Your objective> Please print the listing that follows word for word, but skip any pictures it holds.

┌─ Dataset excerpt

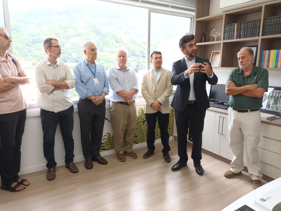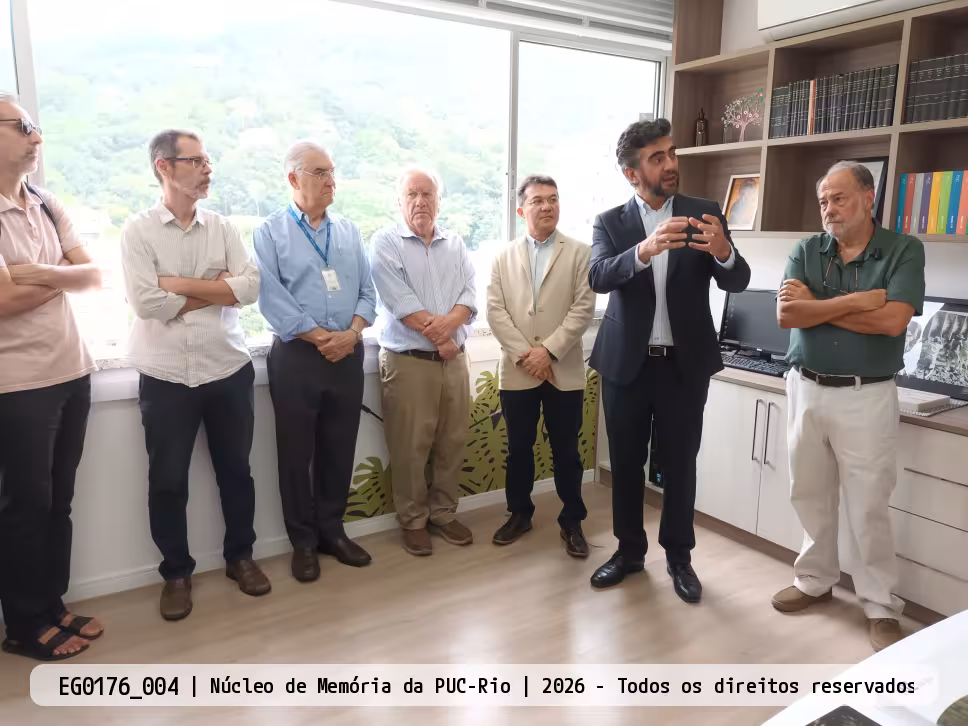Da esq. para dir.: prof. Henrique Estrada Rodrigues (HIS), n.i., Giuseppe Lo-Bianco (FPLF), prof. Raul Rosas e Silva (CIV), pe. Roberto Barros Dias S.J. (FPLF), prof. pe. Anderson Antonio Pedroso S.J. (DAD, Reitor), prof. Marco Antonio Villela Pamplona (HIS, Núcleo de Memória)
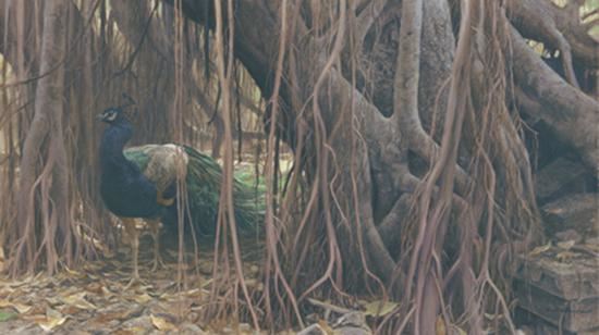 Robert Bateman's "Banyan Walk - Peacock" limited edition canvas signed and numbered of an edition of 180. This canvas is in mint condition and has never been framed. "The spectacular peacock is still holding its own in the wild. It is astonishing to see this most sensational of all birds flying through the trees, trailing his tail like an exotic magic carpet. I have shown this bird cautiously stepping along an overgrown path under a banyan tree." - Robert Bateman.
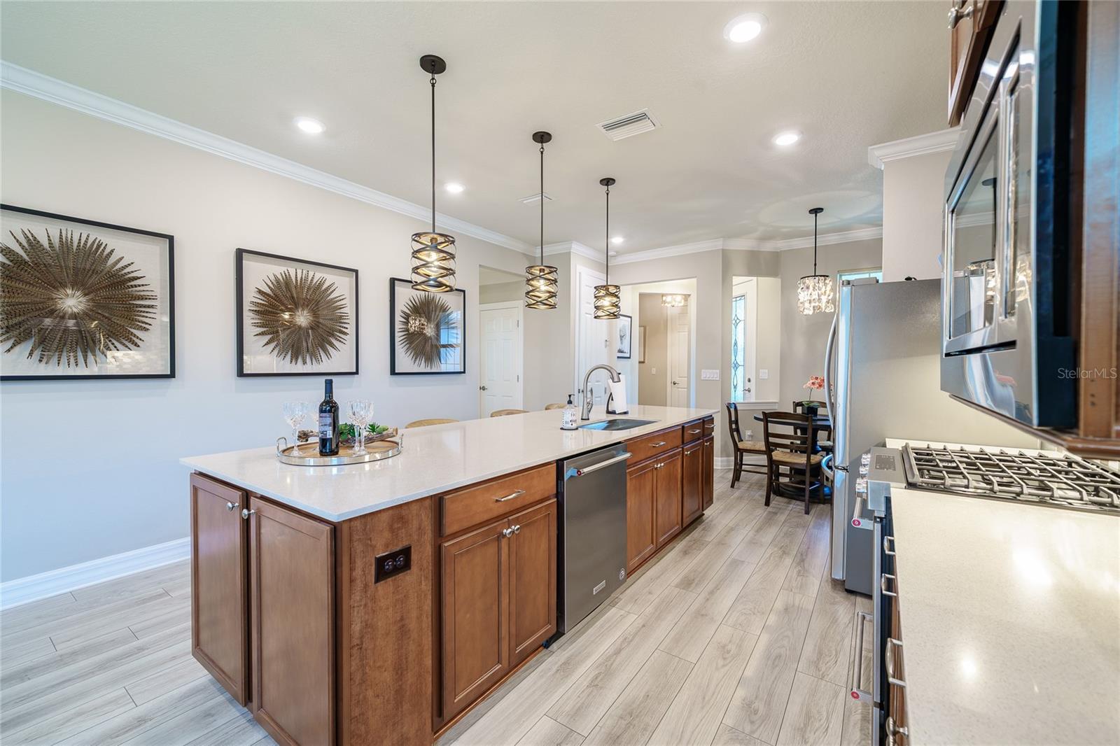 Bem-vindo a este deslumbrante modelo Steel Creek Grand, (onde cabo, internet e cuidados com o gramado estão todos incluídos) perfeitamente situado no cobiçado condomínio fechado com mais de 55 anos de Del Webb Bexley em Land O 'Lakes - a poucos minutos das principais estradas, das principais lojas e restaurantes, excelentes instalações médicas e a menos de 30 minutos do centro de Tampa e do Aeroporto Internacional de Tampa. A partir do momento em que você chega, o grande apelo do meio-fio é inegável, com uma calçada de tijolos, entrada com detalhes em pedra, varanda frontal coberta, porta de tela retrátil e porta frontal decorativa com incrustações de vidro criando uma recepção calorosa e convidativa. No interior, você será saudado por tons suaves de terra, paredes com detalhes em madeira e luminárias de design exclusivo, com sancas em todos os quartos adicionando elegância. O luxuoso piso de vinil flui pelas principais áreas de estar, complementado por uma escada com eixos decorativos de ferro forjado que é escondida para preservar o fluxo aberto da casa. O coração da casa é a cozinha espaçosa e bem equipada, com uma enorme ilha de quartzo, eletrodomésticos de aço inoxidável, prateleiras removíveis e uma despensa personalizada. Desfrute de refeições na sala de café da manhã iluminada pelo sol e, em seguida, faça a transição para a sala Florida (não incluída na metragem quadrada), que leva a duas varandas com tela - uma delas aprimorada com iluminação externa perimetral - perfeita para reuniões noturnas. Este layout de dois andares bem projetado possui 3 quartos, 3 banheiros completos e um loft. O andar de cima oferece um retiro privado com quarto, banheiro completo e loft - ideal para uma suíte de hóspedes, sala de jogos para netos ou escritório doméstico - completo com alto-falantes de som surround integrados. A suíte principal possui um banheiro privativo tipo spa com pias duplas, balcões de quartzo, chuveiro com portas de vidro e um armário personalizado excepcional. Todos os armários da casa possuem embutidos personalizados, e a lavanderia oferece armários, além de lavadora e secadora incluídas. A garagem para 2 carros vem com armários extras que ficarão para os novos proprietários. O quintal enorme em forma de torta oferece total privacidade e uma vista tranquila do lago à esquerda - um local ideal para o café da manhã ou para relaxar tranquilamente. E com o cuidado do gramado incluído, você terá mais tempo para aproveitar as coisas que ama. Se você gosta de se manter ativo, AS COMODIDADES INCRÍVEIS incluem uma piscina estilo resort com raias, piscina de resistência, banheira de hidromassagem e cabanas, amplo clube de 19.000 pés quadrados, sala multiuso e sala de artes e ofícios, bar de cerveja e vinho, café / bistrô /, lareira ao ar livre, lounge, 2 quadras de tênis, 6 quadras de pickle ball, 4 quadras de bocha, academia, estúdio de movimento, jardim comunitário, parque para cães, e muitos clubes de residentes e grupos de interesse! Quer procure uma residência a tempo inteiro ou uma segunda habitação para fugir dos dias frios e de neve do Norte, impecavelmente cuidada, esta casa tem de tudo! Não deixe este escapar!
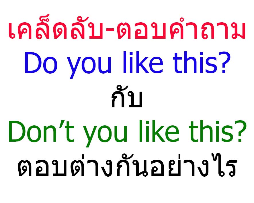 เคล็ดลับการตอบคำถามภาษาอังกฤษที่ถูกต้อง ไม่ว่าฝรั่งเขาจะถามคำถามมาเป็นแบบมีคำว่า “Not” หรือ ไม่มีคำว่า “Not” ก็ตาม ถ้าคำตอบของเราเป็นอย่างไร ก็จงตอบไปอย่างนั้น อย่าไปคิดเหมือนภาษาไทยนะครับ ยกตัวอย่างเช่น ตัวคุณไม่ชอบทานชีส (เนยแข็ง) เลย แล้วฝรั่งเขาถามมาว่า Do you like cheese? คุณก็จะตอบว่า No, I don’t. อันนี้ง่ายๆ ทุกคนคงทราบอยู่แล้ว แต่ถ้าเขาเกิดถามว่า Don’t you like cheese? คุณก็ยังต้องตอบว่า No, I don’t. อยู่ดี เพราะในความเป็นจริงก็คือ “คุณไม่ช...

└─

Exercise result>
Da esq. para dir.: prof. Henrique Estrada Rodrigues (HIS), n.i., Giuseppe Lo-Bianco (FPLF), prof. Raul Rosas e Silva (CIV), pe. Roberto Barros Dias S.J. (FPLF), prof. pe. Anderson Antonio Pedroso S.J. (DAD, Reitor), prof. Marco Antonio Villela Pamplona (HIS, Núcleo de Memória)
 Robert Bateman's "Banyan Walk - Peacock" limited edition canvas signed and numbered of an edition of 180. This canvas is in mint condition and has never been framed. "The spectacular peacock is still holding its own in the wild. It is astonishing to see this most sensational of all birds flying through the trees, trailing his tail like an exotic magic carpet. I have shown this bird cautiously stepping along an overgrown path under a banyan tree." - Robert Bateman.
 Bem-vindo a este deslumbrante modelo Steel Creek Grand, (onde cabo, internet e cuidados com o gramado estão todos incluídos) perfeitamente situado no cobiçado condomínio fechado com mais de 55 anos de Del Webb Bexley em Land O 'Lakes - a poucos minutos das principais estradas, das principais lojas e restaurantes, excelentes instalações médicas e a menos de 30 minutos do centro de Tampa e do Aeroporto Internacional de Tampa. A partir do momento em que você chega, o grande apelo do meio-fio é inegável, com uma calçada de tijolos, entrada com detalhes em pedra, varanda frontal coberta, porta de tela retrátil e porta frontal decorativa com incrustações de vidro criando uma recepção calorosa e convidativa. No interior, você será saudado por tons suaves de terra, paredes com detalhes em madeira e luminárias de design exclusivo, com sancas em todos os quartos adicionando elegância. O luxuoso piso de vinil flui pelas principais áreas de estar, complementado por uma escada com eixos decorativos de ferro forjado que é escondida para preservar o fluxo aberto da casa. O coração da casa é a cozinha espaçosa e bem equipada, com uma enorme ilha de quartzo, eletrodomésticos de aço inoxidável, prateleiras removíveis e uma despensa personalizada. Desfrute de refeições na sala de café da manhã iluminada pelo sol e, em seguida, faça a transição para a sala Florida (não incluída na metragem quadrada), que leva a duas varandas com tela - uma delas aprimorada com iluminação externa perimetral - perfeita para reuniões noturnas. Este layout de dois andares bem projetado possui 3 quartos, 3 banheiros completos e um loft. O andar de cima oferece um retiro privado com quarto, banheiro completo e loft - ideal para uma suíte de hóspedes, sala de jogos para netos ou escritório doméstico - completo com alto-falantes de som surround integrados. A suíte principal possui um banheiro privativo tipo spa com pias duplas, balcões de quartzo, chuveiro com portas de vidro e um armário personalizado excepcional. Todos os armários da casa possuem embutidos personalizados, e a lavanderia oferece armários, além de lavadora e secadora incluídas. A garagem para 2 carros vem com armários extras que ficarão para os novos proprietários. O quintal enorme em forma de torta oferece total privacidade e uma vista tranquila do lago à esquerda - um local ideal para o café da manhã ou para relaxar tranquilamente. E com o cuidado do gramado incluído, você terá mais tempo para aproveitar as coisas que ama. Se você gosta de se manter ativo, AS COMODIDADES INCRÍVEIS incluem uma piscina estilo resort com raias, piscina de resistência, banheira de hidromassagem e cabanas, amplo clube de 19.000 pés quadrados, sala multiuso e sala de artes e ofícios, bar de cerveja e vinho, café / bistrô /, lareira ao ar livre, lounge, 2 quadras de tênis, 6 quadras de pickle ball, 4 quadras de bocha, academia, estúdio de movimento, jardim comunitário, parque para cães, e muitos clubes de residentes e grupos de interesse! Quer procure uma residência a tempo inteiro ou uma segunda habitação para fugir dos dias frios e de neve do Norte, impecavelmente cuidada, esta casa tem de tudo! Não deixe este escapar!
 เคล็ดลับการตอบคำถามภาษาอังกฤษที่ถูกต้อง ไม่ว่าฝรั่งเขาจะถามคำถามมาเป็นแบบมีคำว่า “Not” หรือ ไม่มีคำว่า “Not” ก็ตาม ถ้าคำตอบของเราเป็นอย่างไร ก็จงตอบไปอย่างนั้น อย่าไปคิดเหมือนภาษาไทยนะครับ ยกตัวอย่างเช่น ตัวคุณไม่ชอบทานชีส (เนยแข็ง) เลย แล้วฝรั่งเขาถามมาว่า Do you like cheese? คุณก็จะตอบว่า No, I don’t. อันนี้ง่ายๆ ทุกคนคงทราบอยู่แล้ว แต่ถ้าเขาเกิดถามว่า Don’t you like cheese? คุณก็ยังต้องตอบว่า No, I don’t. อยู่ดี เพราะในความเป็นจริงก็คือ “คุณไม่ช...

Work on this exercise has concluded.